Effective pattern discovery requires a uniform representation of the syntactic relations in text. The greater the degree to which these relations are normalized (by identifying 'logical syntactic relations' and filling syntactic 'gaps'), the more successful discovery will be. The best syntactic analyzers for English, however, based on the Penn Tree Bank, produce an augmented surface representation. We have produced a procedure for transforming this representation into one which is more heavily normalized [2, 4, 9] and have begun using this representation for our discovery procedures.

In addition to this work on discovery procedures, we have developed a prototype system for document access using information extraction [6]. This system is focused on the domain of infectious disease outbreaks. The system uses a web crawler to obtain articles, from both medical and general news sources, on a daily basis, reporting disease outbreaks. An extraction system for this domain pulls out information on the disease, date, location, and type and number of victims. The resulting data base is made available through a web interface which allows searching and sorting on any data base attribute. Once records of interest are located, the documents associated with those records can be easily obtained with a single mouse click, and the relevant text in the document is highlighted and color-coded.

Additional Project References

[10] Roman Yangarber, Ralph Grishman, Pasi Tapanainen, and Silja Huttunen. Unsupervised Discovery of Scenario-Level Patterns for Information Extraction. Proc. Sixth Applied Natural Language Processing Conf., Seattle, WA, April-May, 2000, 282-289.
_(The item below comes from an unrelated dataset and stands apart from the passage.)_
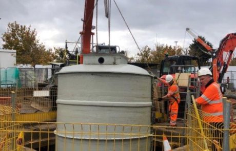 The works included the construction of a retaining structure to support the excavation of a chamber, allowing dewatering and installation of a new pumping station. The works had previously been tendered by another contractor and site work commenced but were aborted due to difficulties in management of the groundwater to allow full depth excavation and chamber installation.

[11] Roman Yangarber, Ralph Grishman, Pasi Tapanainen, and Silja Huttunen. Automatic Acquisition of Domain Knowledge for Information Extraction. Proc. 18th Int'l Conf. on Computational Linguistics (COLING 2000), Saarbrücken, Germany, July-August 2000, 940-946.

[12] Kiyoshi Sudo, Satoshi Sekine, and Ralph Grishman. Automatic Pattern Acquisition for Japanese Information Extraction. Proc. First International Conf. on Human Language Technology Research (HLT 2001), San Diego, CA, March, 2001, 51-58.